▸ **Task item**:
Exactly as written, retype the listing below, omitting the pictures.

▸ **Given data**:
╭──
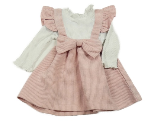 Bielo-ružové rebrované šaty s mašlou a volánikmi
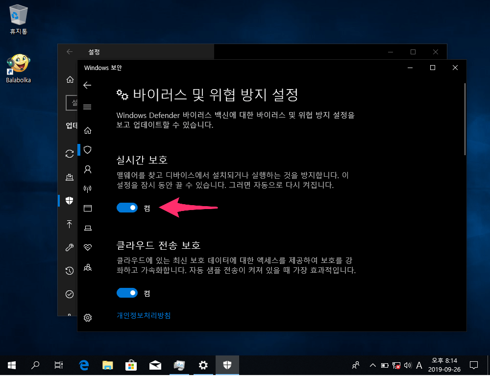 - 실시간 보호를 비활성화 시킵니다.
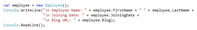 For quite a long time, it was asked by the developers to initialize or set default values to auto properties where it has been declared. Earlier to C# 6.0, we had to make them as full property with a private variable to initialize at the time of declaration. But, time has changed now. You don’t need to create the full property in order to initialize them. Less code, less chances of bugs and better chances of productivity. Isn’t it? A typical auto property looks similar to this:
╰──
▸ **Solution for this task**:
 Bielo-ružové rebrované šaty s mašlou a volánikmi
 - 실시간 보호를 비활성화 시킵니다.
 For quite a long time, it was asked by the developers to initialize or set default values to auto properties where it has been declared. Earlier to C# 6.0, we had to make them as full property with a private variable to initialize at the time of declaration. But, time has changed now. You don’t need to create the full property in order to initialize them. Less code, less chances of bugs and better chances of productivity. Isn’t it? A typical auto property looks similar to this:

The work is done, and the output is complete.